Central banks accumulating U.S. dollars are taking on ever-greater currency risk. If the dollar were to depreciate, their losses would be large. Thus, they have an incentive to diversify their holdings rather than relying so heavily on dollar-denominated assets. But this could itself cause the dollar depreciation they fear.
This situation is a risk to the United States as well. While there has been no hint, as yet, that nations with large dollar reserves would use such holdings for economic or political leverage, that is a possibility.
Time For Action The greater fear has as much to do with mathematics as it does with economics. Even gradually increasing trade deficits can lead to accelerating current account deficits. Today’s borrowing abroad means a further outflow of income (the interest on that borrowing) tomorrow, over and above the trade deficit itself.
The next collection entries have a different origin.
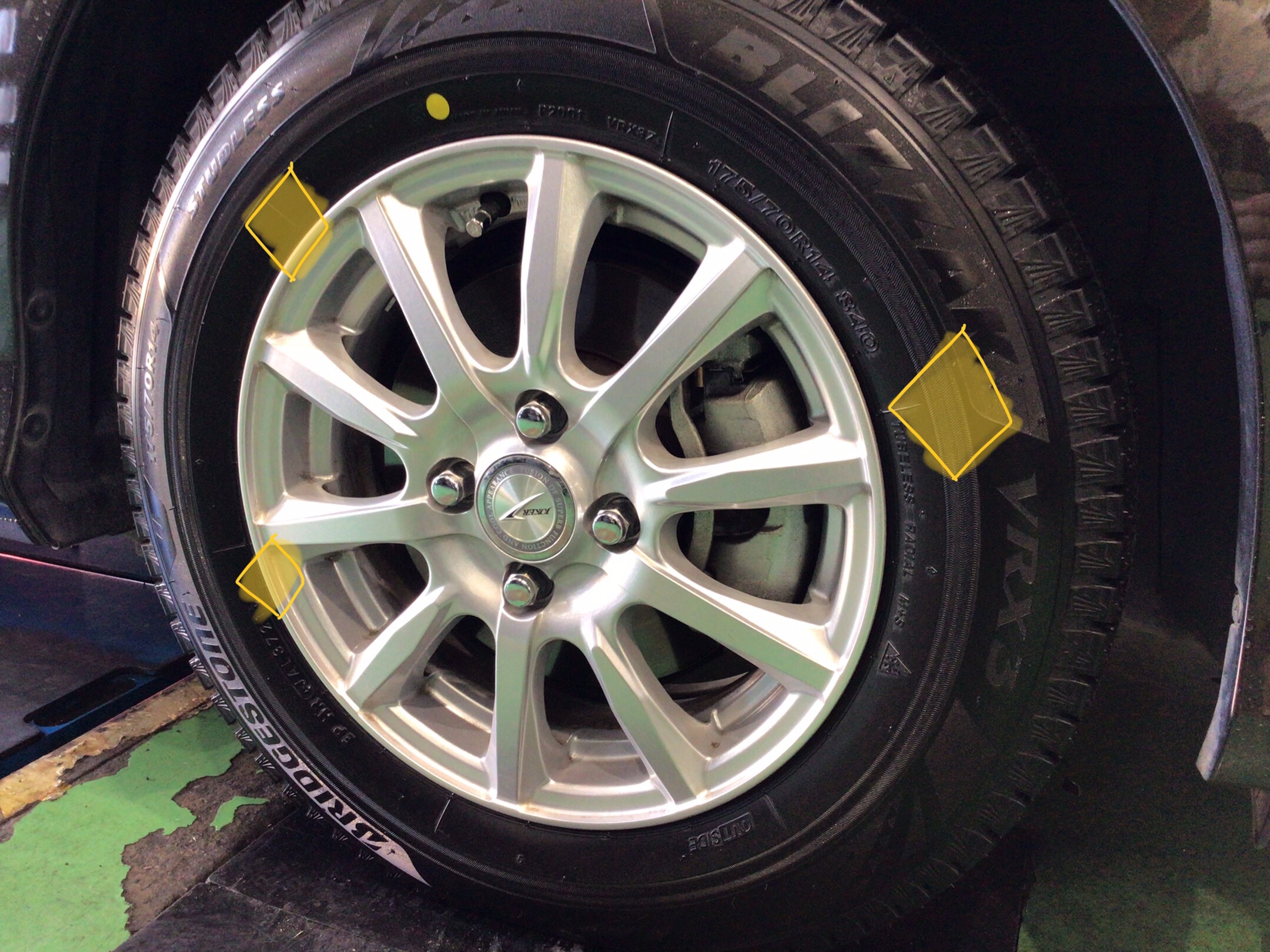 新品装着。アスファルトでの静粛性がかなり向上しているらしいですよ。先日ご来店された、20世紀からブリザックをご愛用くださっているお客様から頂いた感想です。100キロ点検でお待ちしております。グレイスのタイヤ交換はタイヤ館新座で!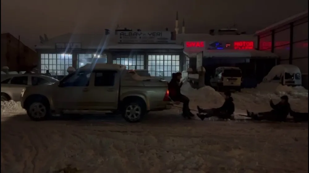 Sivas'ta sanayi sitesinde esnaflık yapan Tanju Kaya, etkili olan kar yağışını eğlenceye dönüştürdü. İş yerinde birlikte çalıştığı çırakların karın tadını çıkarmak istediklerini söylemesi üzerine Kaya, aracın arkasına halat bağlayarak lastiklerin üzerine oturan çırakları karda kaydırdı. Beyaza bürünen sanayi sitesi, renkli anlara sahne oldu. Çıraklar doyasıya eğlendi.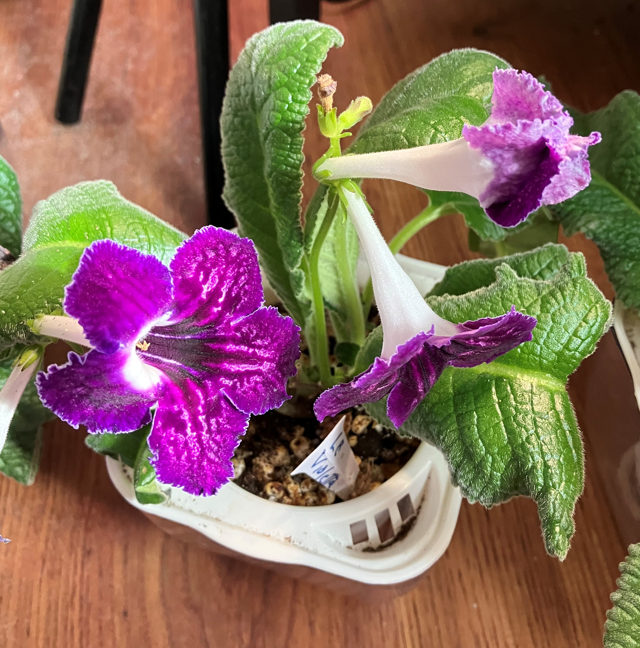 LE Violetta received June 25. Leafed 2/17/2025.Le Violetta Aug 13, 2025.LE Violetta. Streptocarpus, Sept 1, 2025LE Violetta, large bloom. Several blooms developing. Will deflower in a few day to assists root and leaf development. Sept 6, 2025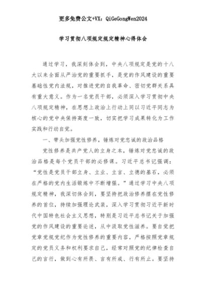 【七哥公文】2025年:学习贯彻八项规定规定精神心得体会+更多免费公文+VX:QiGeGongWen2024+更多免费公文+VX:QiGeGongWen2024

In the extreme, such a “debt trap” very quickly spirals out of control, producing the dreaded hard landing—at a minimum, economic recession coupled with sharply higher interest rates, rising bankruptcies, and flat or even declining house prices.
The “soft landing” is no picnic either. It means some combination of greater personal savings (lower personal consumption), higher taxes, lower government spending, lower investment and a still-weaker dollar. And you can count on considerably higher interest rates as one of the principal means of achieving such ends.
Such a scenario may seem remote. And it may be, at present. But the longer we wait to resolve the problem, the more likely such outcomes become.
To be sure, faster economic growth in Europe (and elsewhere) would help, as would revaluing the Chinese currency upward. Still, it is hard to construct an end game that doesn’t involve sacrifice on the American home front.